Is this correct? I was told by someone that it should always be like that, so creosote etc. will drip inside the stove instead of all over the outside of it. But I am concerned about the fit not being anything close to airtight.

I read somewhere that I could use either a high-temperature silicone caulk or chimney cement to seal it better.

Any suggestions would be greatly appreciated.
 
not sure.... but I would say it goes the other way around, its a positive vented appliance....
pellet stoves should not create creosote. you must have had a wood guy tell you that one........... Which is true by the way
 
I installed my insert a month ago. I had the same problem but, by cutting the end off the the flex pipe to appliance adapter ( came with my liner kit), I came up with a super tight fit instead of the loose one you are referring to. I still used silicone.
 
So you trimmed the end of the adapter with the smaller diameter? Did you use the "high temp" caulk?
 
GVA said:
not sure.... but I would say it goes the other way around, its a positive vented appliance....
pellet stoves should not create creosote. you must have had a wood guy tell you that one........... Which is true by the way

Well, the larger end of the adapter was the exact same diameter as the stove's pipe, so i can't get one around the other in either orientation.
 
Don't use the adaptor. The liner pipe should fit right inside the stoves collar. Secure with a couple tek screws and put a bead of 500deg silicone around the joint and your done.
Also, you should have removed the cast parts off the stove body before you moved it (top plate, side plates and door). Makes moving it much easier
 
Parrot Head said:
Also, you should have removed the cast parts off the stove body before you moved it (top plate, side plates and door). Makes moving it much easier

can you do that w/ an accentra free-standing? that sucker sure is heavy...

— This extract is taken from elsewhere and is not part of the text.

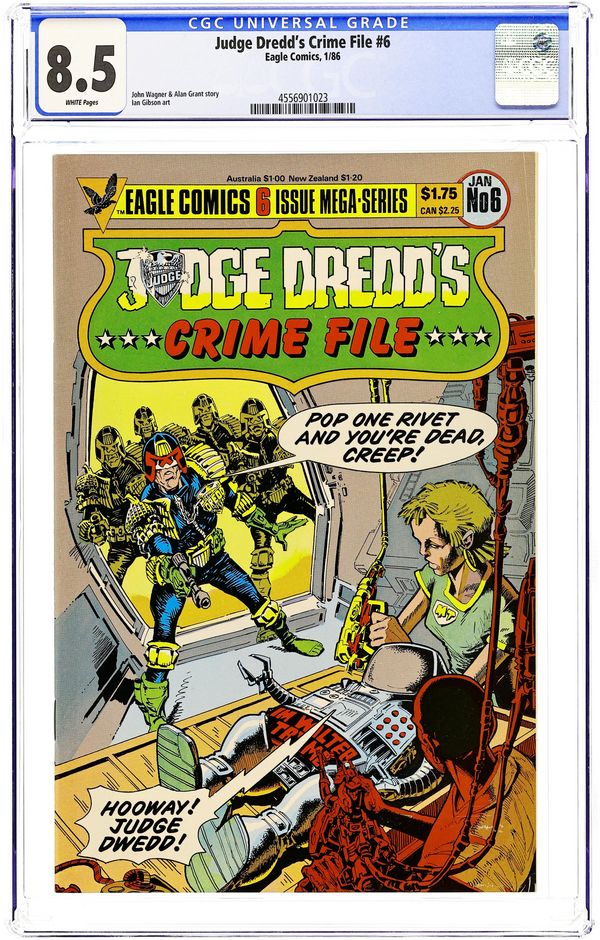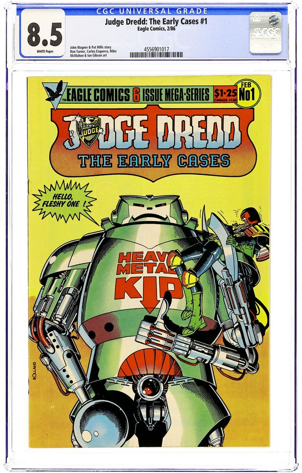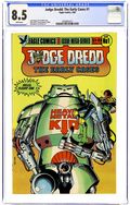 Cover art by Brian Bolland. "The Robot Wars," script by John Wagner, art by Ron Turner (p. 1-5, 11-15, 21-25), Carlos Ezquerra (p. 6-10), Mike McMahon (p. 16-20) and Ian Gibson (p. 25-29); At the 'Robot of the Year Show', Judge Dredd stops a wheelchair-bound maniac who will kill hundreds. Reprinted from 2000 AD. 36 pgs., full color. Cover price $1.25.

mine is still parked in my basement, waiting for me to get around to installing it. moving it upstairs is going to be fun...
 
cac4 said:
Parrot Head said:
Also, you should have removed the cast parts off the stove body before you moved it (top plate, side plates and door). Makes moving it much easier

can you do that w/ an accentra free-standing? that sucker sure is heavy...

mine is still parked in my basement, waiting for me to get around to installing it. moving it upstairs is going to be fun...

Unfortunately, no. Tha F/S Accentra is actually a true cast iron stove. Actually they do come apart, I have had to replace a bottom that was damaged in shipping. It all unbolts, but it is a pain.
 
lecomte38 said:
I installed my insert a month ago. I had the same problem but, by cutting the end off the the flex pipe to appliance adapter ( came with my liner kit), I came up with a super tight fit instead of the loose one you are referring to. I still used silicone.

After doing my research I ended up following your advice above: I trimmed the adapter with some snips, cranked it down with the attached hose clamp. My local HW store did not have the hi-temp silicon caulk, but they did have Rutland furnace cement [$5 for a small tub]. It was easy to work with, is meant for metal to metal sealing, and is good to 2000º F. Thanks for your advice.